Reproducing swebench-lite results

Question

Reproducing swebench-lite results

Opened this issue 5 months ago · 5 comments

justinchiu-cohere commented 5 months ago

Thanks for releasing the repo, as well as the trajectories for swebench-lite! I am trying to reproduce the results with gpt-4o, but am seeing a fix rate of 59/300, as opposed to the 27.33% reported.

Other than the --plausible flag in rerank, are there any other possible causes for this?
Did you notice a large amount of variance between runs?
I changed the prompts slightly, adding a sentence before # Examples to clarify that we are giving output examples. Could this lead to large changes in resolution?

Answer 1 · 2024-08-19T15:53:27.000Z

Hi Justin

We had ran agentless multiple times ourselves and the while the results have some variance, it should not be as large as down to 59/300. I would expect a range between ~70s/300 to ~80s/300 (even without plausible flag). As a reference you can see that recently OpenAI had ran our configuration and got 24.3% and it seems they only generate 1 sample per bug.

Please check your configurations are correct, you can refer to the README_swebenchlite.md file to completely recover our experimental settings.

Thanks

Answer 2 · 2024-08-21T20:30:38.000Z

I tried a fresh clone, and ran the commands in README_swebenchlite.md again. However, after the repair step I'm seeing wc -l results/repair_run_1/output.jsonl == 284, as opposed to the expected 300 in the v0.1.0 release. Oddly, this is also true for results/repair_run_2/output.jsonl as well.

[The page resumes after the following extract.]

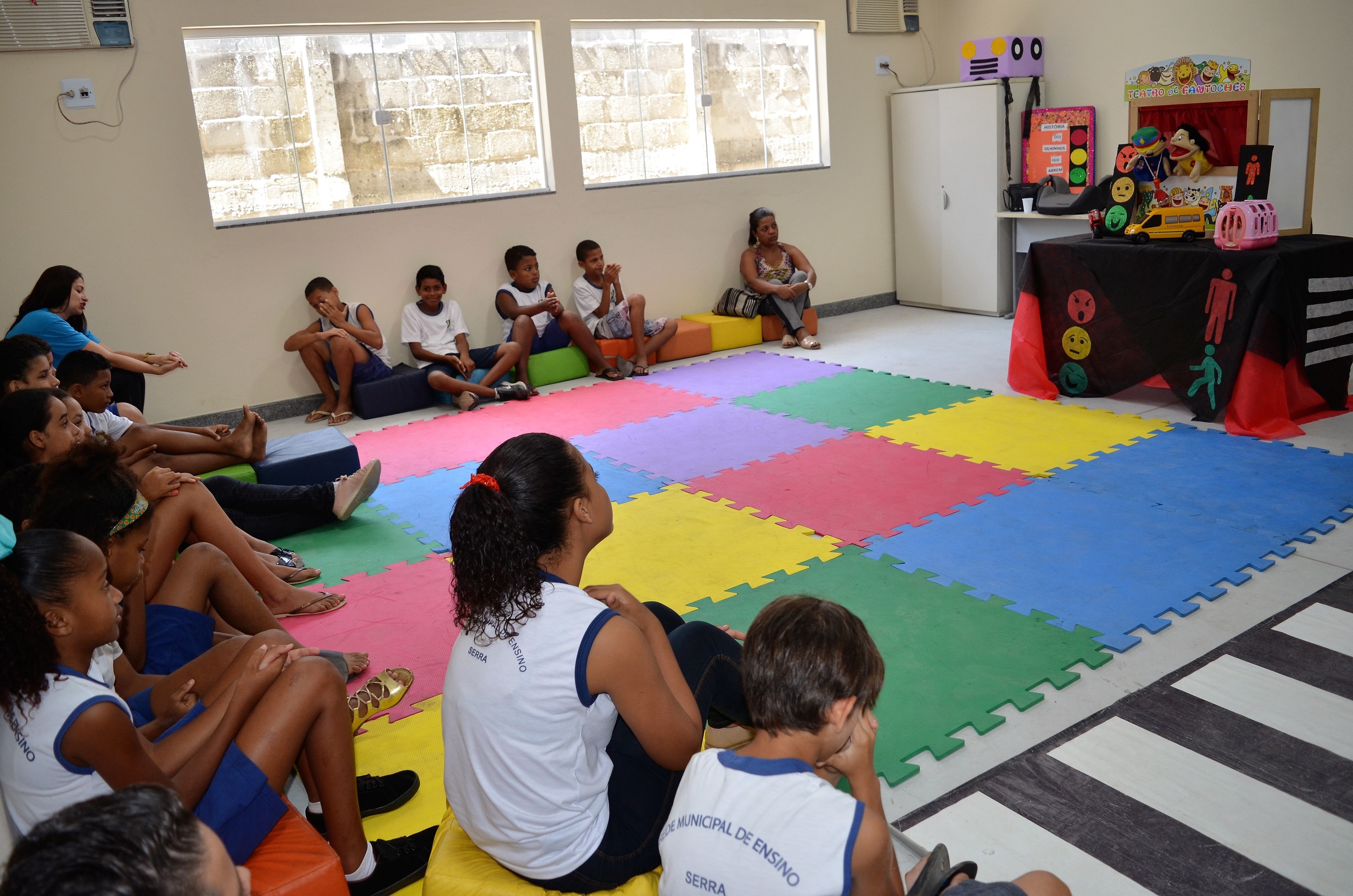 Entre as dinâmicas pedagógicas, destacam-se a contação de histórias, teatro de fantoches e “Transitolândia”, um grande jogo de tabuleiro com perguntas sobre comportamentos seguros no trânsito.(Imagem: Divulgação/Assessoria de Comunicação do Detran|ES)

I'll debug a bit more, try evaluating the locations, and also try feeding in the locations from the v0.1.0 release to the repair step instead. Could oai gpt outages cause some of the prompts to fail midway, but be labeled as completed and thus not run again on a subsequent repair call?

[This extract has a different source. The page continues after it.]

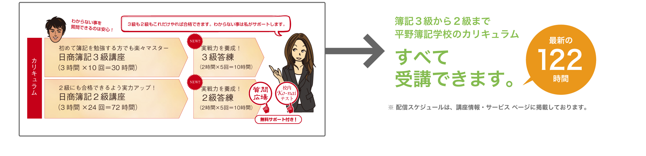 平野簿記学校の全ての簿記講座が「合格するまで」「月額1,700円」で受け放題。

Answer 3 · 2024-08-25T14:04:09.000Z

I noticed you added a lot of new models like deepseek and gpt-4o-mini, do you have a reference evaluation result on these models? Similar to Justin, I can't seem to fully reproduce the reported performance. But the high cost prevents me from running gpt-4o multiple times.

Answer 4 · 2024-10-07T00:08:01.000Z

I am also very curious about the gpt-4o-mini results. Any follow-up updates on that?

Answer 5 · 2024-12-12T16:14:38.000Z

I am also having trouble reproducing the swebench-lite results with my initial run. I plan to continue working out any possible issues or oversights from my end.

The swebench README has a lot of information and many commands. There are even commands to run (related to "additional repair commands") that are hidden as the section must be expanded. Due to at least this specific repair phase, it seems simply copy and pasting the commands from the README would not work in replicating the swebench-lite results (based on my understanding of the repair phase generated from the 4 sets of edit locations, and then the README only contains commands for running the selected regression tests on the first set of repairs/edits).

I am expecting that at least my own issues in replication arise from my unfamiliarity and limited understanding of each of the many steps, and thus the ability to run the correct commands. Somehow I run into errors in the scripts as well. I wonder if others have the same issue.

Providing a bash script with the exact commands to run that produced your exact results on the leaderboards would help users including myself out with reproduction. Is this possible? Also if anyone in the community can share your bash script here or in a PR that would be greatly appreciated.